- Opening Delimiter -

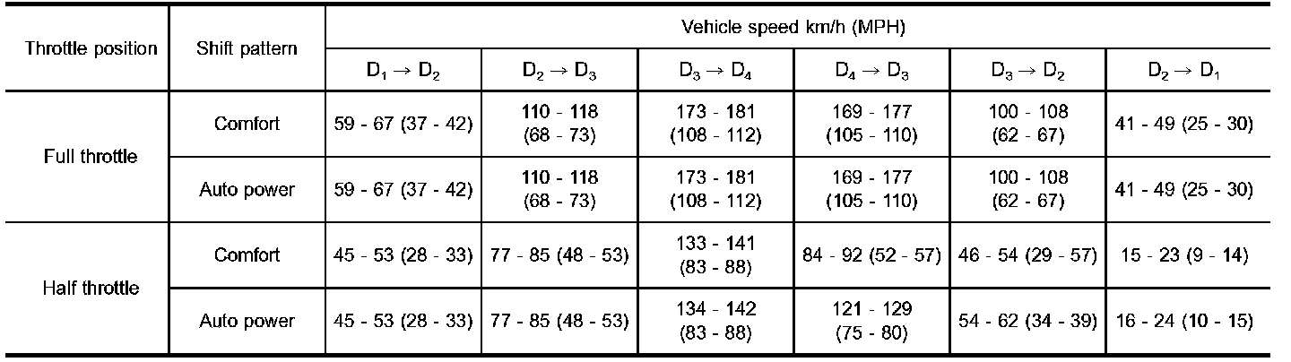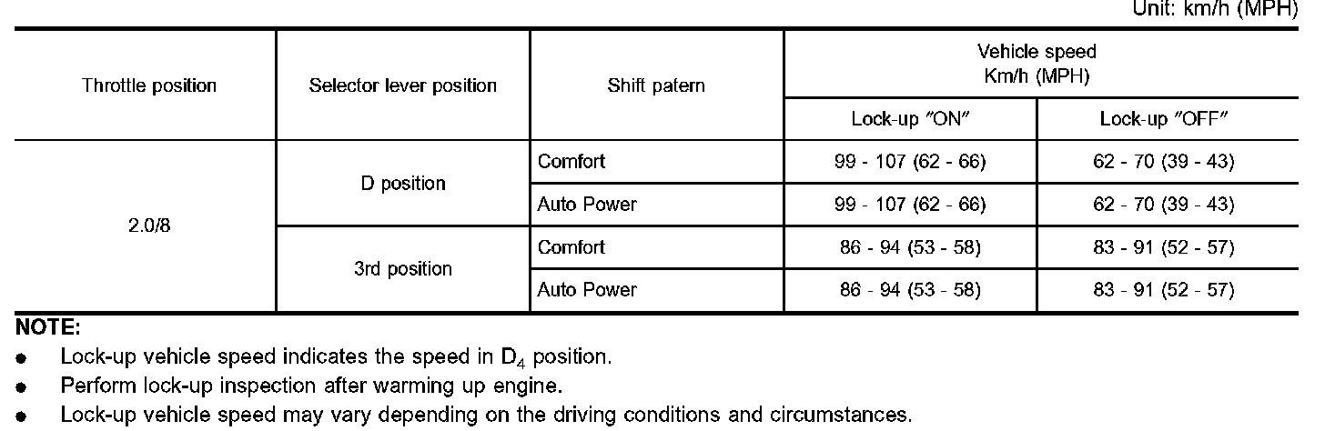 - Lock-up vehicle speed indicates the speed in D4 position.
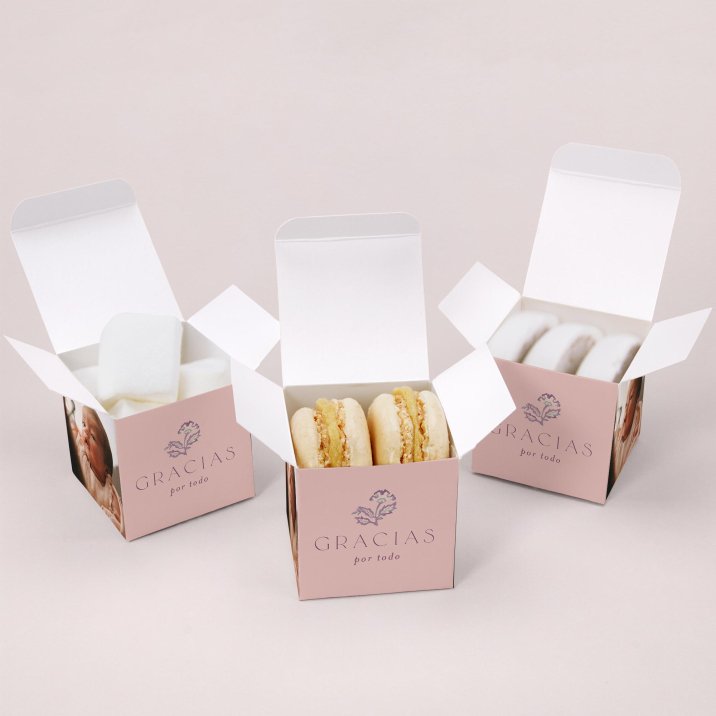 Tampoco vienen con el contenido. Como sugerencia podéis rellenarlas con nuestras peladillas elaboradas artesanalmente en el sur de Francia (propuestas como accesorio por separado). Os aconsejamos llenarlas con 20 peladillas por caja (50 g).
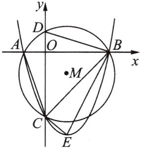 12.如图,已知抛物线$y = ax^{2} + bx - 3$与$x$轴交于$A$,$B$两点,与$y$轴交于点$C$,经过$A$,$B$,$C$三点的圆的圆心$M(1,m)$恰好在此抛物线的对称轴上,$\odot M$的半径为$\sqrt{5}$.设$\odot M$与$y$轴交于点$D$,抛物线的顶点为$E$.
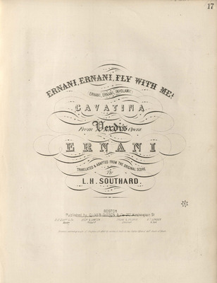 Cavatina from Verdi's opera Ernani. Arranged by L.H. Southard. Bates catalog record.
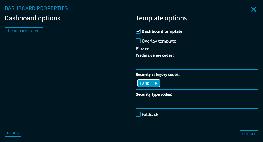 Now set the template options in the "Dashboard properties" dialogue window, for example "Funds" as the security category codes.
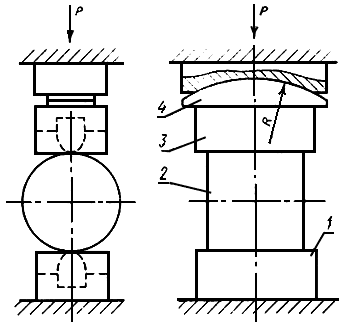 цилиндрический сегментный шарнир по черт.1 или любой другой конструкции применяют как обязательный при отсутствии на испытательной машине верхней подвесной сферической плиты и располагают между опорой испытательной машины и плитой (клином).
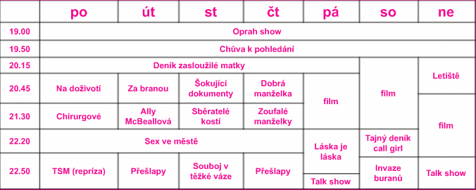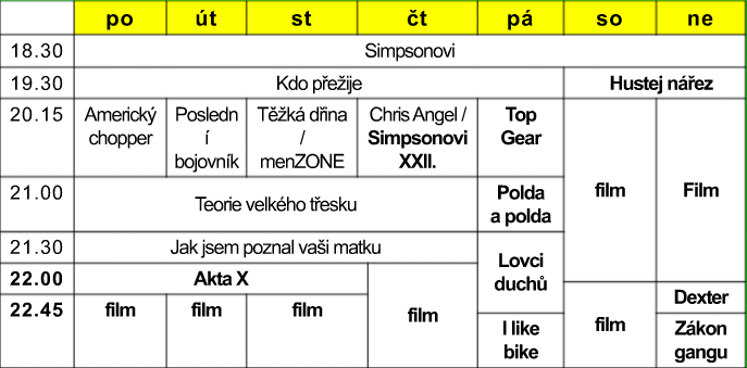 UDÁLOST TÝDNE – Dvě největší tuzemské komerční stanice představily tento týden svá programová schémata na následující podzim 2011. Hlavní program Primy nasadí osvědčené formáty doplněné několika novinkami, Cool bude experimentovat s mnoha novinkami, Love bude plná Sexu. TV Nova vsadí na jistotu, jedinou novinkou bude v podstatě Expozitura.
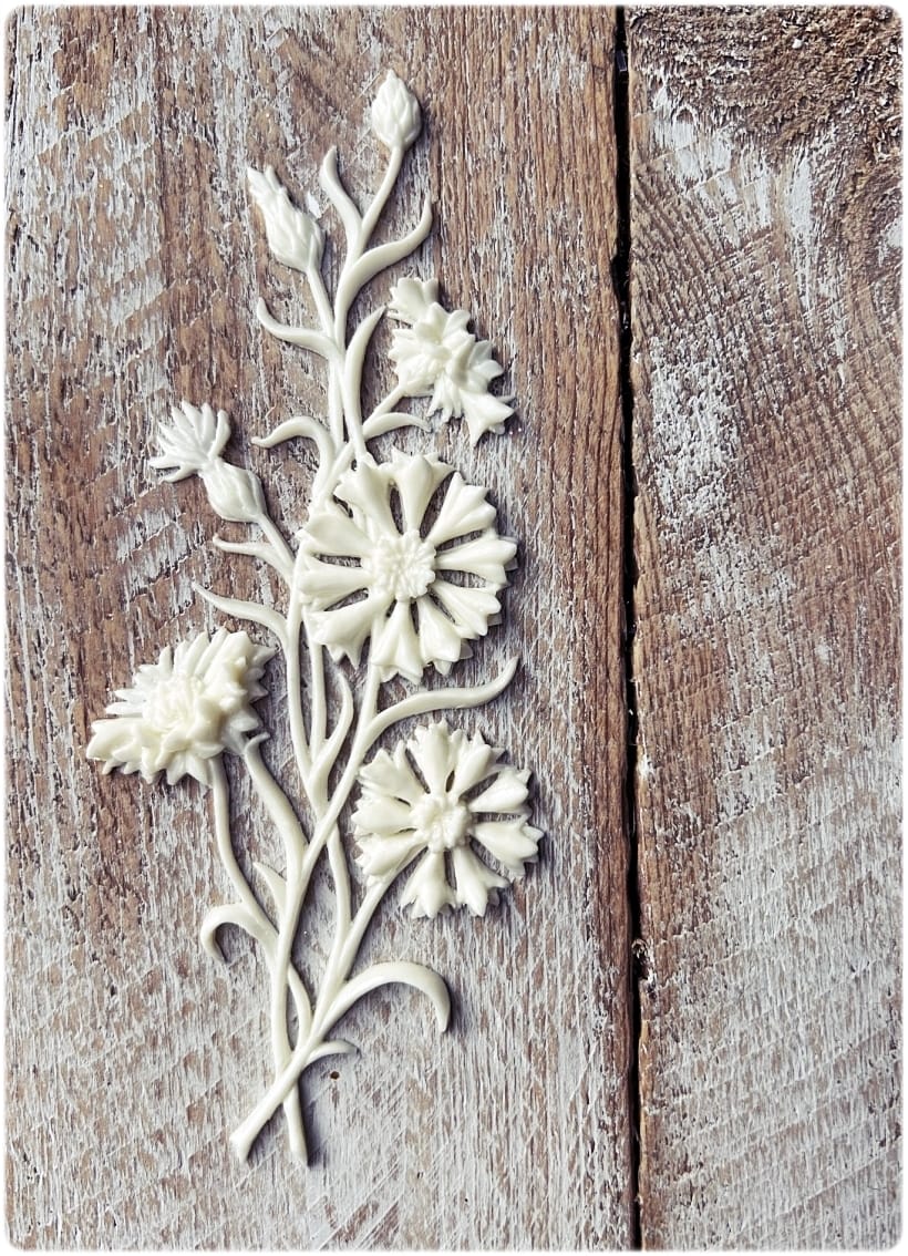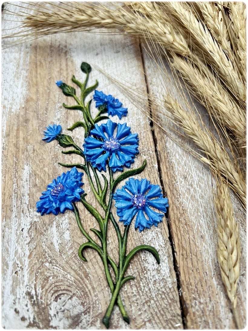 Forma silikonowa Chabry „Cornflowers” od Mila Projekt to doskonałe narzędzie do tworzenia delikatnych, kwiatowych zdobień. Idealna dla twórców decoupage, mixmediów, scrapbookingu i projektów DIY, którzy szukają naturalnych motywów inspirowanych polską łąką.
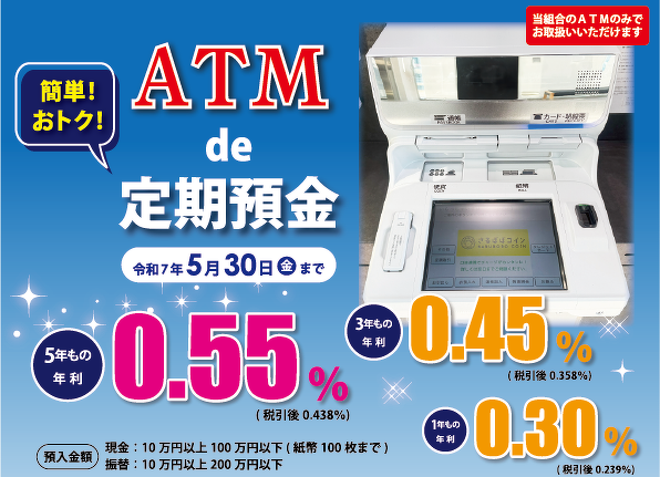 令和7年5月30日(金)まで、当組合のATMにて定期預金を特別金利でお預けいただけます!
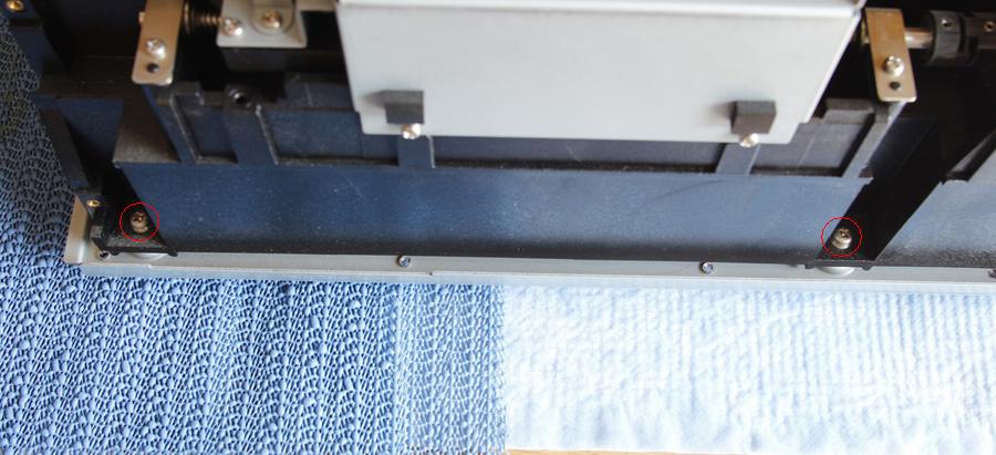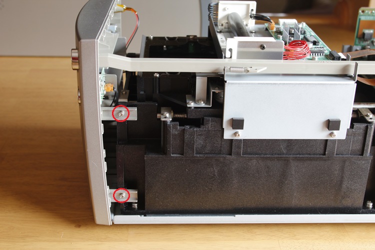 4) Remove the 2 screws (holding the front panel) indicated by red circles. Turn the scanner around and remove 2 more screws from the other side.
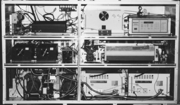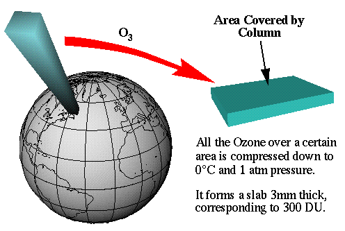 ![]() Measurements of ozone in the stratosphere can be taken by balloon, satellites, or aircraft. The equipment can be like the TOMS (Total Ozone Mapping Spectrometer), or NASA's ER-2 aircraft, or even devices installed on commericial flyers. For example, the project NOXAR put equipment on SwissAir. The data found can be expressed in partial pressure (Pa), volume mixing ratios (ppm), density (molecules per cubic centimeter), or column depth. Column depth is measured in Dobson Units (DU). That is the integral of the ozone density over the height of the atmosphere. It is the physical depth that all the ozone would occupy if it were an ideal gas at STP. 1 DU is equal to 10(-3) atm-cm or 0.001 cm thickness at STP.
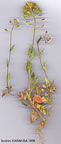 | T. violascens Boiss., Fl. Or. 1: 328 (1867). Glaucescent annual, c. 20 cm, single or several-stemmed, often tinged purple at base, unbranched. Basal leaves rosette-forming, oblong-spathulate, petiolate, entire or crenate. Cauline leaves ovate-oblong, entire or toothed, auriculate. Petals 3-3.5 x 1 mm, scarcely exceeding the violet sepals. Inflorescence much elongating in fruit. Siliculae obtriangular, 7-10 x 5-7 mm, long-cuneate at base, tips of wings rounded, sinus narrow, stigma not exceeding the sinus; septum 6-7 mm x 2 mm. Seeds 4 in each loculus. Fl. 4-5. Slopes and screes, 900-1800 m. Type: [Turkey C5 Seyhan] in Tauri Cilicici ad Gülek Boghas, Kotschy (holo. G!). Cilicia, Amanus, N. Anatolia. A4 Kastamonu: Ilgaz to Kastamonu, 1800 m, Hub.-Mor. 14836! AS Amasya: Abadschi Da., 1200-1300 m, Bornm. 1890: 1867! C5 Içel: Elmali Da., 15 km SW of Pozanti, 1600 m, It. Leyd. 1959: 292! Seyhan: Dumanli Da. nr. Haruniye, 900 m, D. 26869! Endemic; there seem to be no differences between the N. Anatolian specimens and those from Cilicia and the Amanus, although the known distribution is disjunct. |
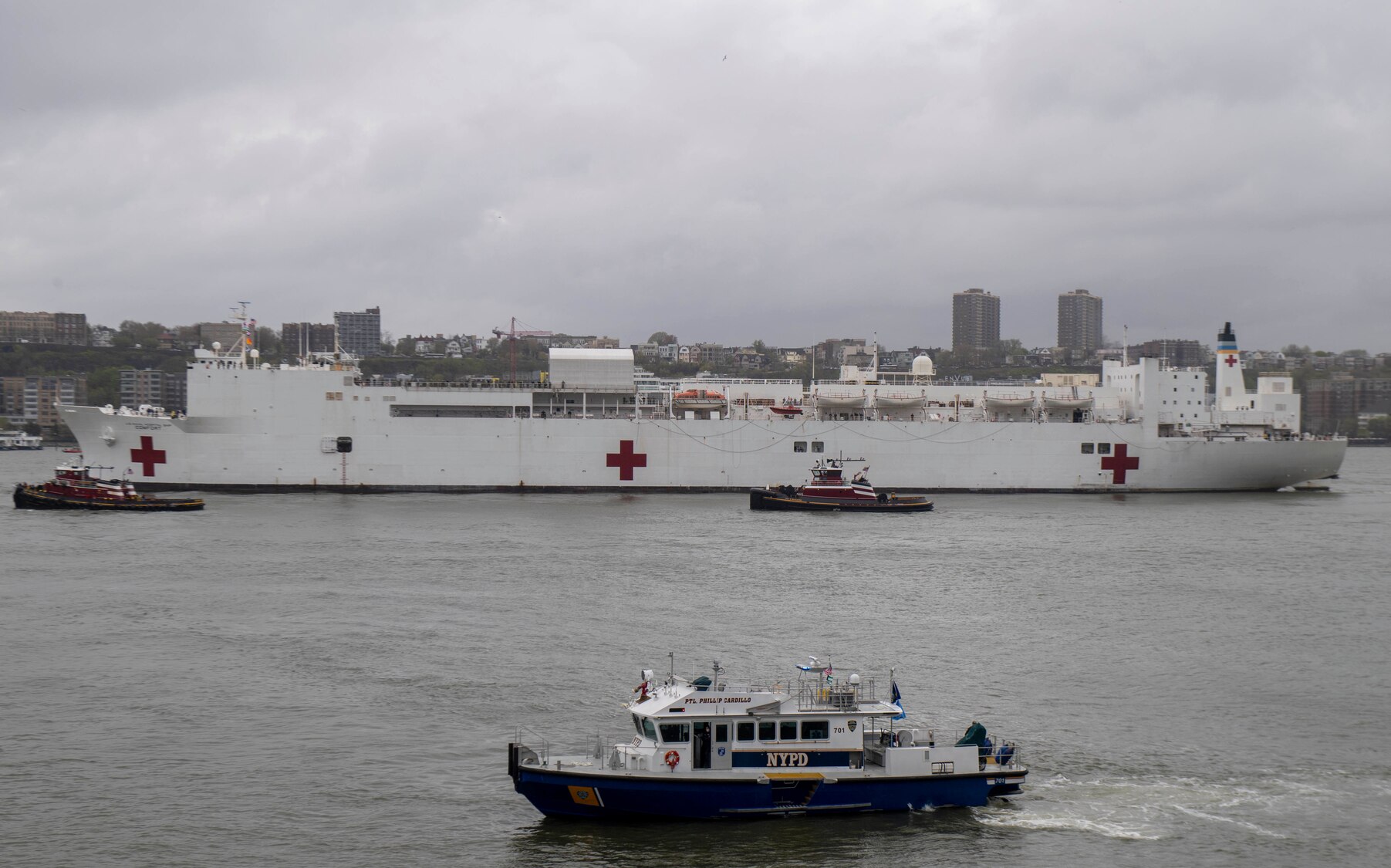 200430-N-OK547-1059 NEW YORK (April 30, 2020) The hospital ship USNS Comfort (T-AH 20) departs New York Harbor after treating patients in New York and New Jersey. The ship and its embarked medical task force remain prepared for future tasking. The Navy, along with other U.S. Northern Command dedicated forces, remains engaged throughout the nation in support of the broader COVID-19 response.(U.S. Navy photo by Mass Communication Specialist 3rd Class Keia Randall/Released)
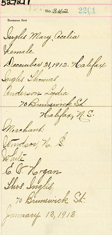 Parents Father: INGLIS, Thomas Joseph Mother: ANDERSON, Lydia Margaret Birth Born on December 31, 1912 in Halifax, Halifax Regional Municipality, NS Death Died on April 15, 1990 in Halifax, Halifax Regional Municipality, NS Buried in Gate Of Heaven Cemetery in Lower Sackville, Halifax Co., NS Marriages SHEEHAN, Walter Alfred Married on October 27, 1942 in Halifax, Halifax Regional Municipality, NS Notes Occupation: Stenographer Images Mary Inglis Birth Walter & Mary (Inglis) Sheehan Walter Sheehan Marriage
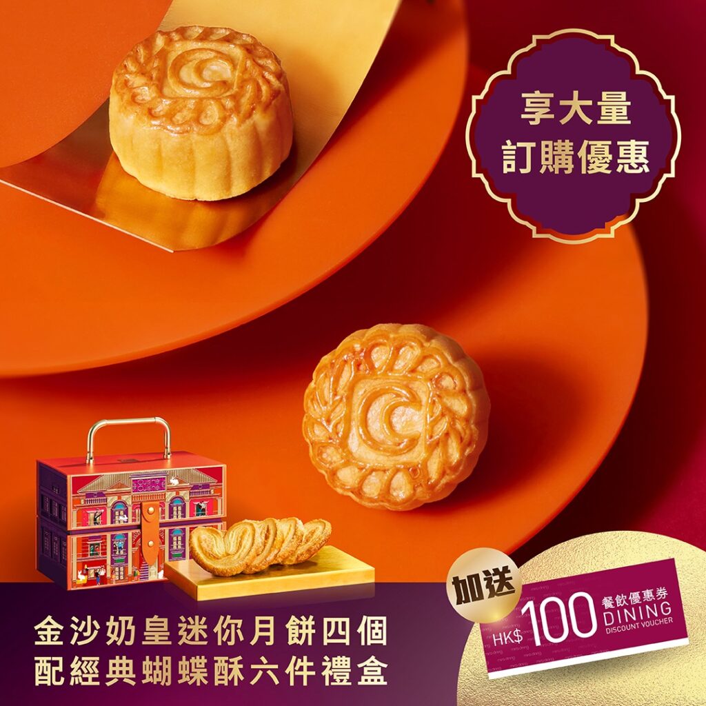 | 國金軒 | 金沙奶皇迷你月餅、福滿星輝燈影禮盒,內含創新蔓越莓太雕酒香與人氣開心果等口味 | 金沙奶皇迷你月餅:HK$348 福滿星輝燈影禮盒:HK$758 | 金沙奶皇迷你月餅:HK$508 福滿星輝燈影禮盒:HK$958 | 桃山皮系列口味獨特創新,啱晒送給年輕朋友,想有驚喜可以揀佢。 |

- Closing Delimiter -

• Task requirements
Using the data above, retype exactly and only the lines from the one containing "令和7年5月30日(金)まで" up to and including the one containing "thickness at STP.", with no pictures carried over.

• Output for this exercise
 令和7年5月30日(金)まで、当組合のATMにて定期預金を特別金利でお預けいただけます!
 4) Remove the 2 screws (holding the front panel) indicated by red circles. Turn the scanner around and remove 2 more screws from the other side.
 ![]() Measurements of ozone in the stratosphere can be taken by balloon, satellites, or aircraft. The equipment can be like the TOMS (Total Ozone Mapping Spectrometer), or NASA's ER-2 aircraft, or even devices installed on commericial flyers. For example, the project NOXAR put equipment on SwissAir. The data found can be expressed in partial pressure (Pa), volume mixing ratios (ppm), density (molecules per cubic centimeter), or column depth. Column depth is measured in Dobson Units (DU). That is the integral of the ozone density over the height of the atmosphere. It is the physical depth that all the ozone would occupy if it were an ideal gas at STP. 1 DU is equal to 10(-3) atm-cm or 0.001 cm thickness at STP.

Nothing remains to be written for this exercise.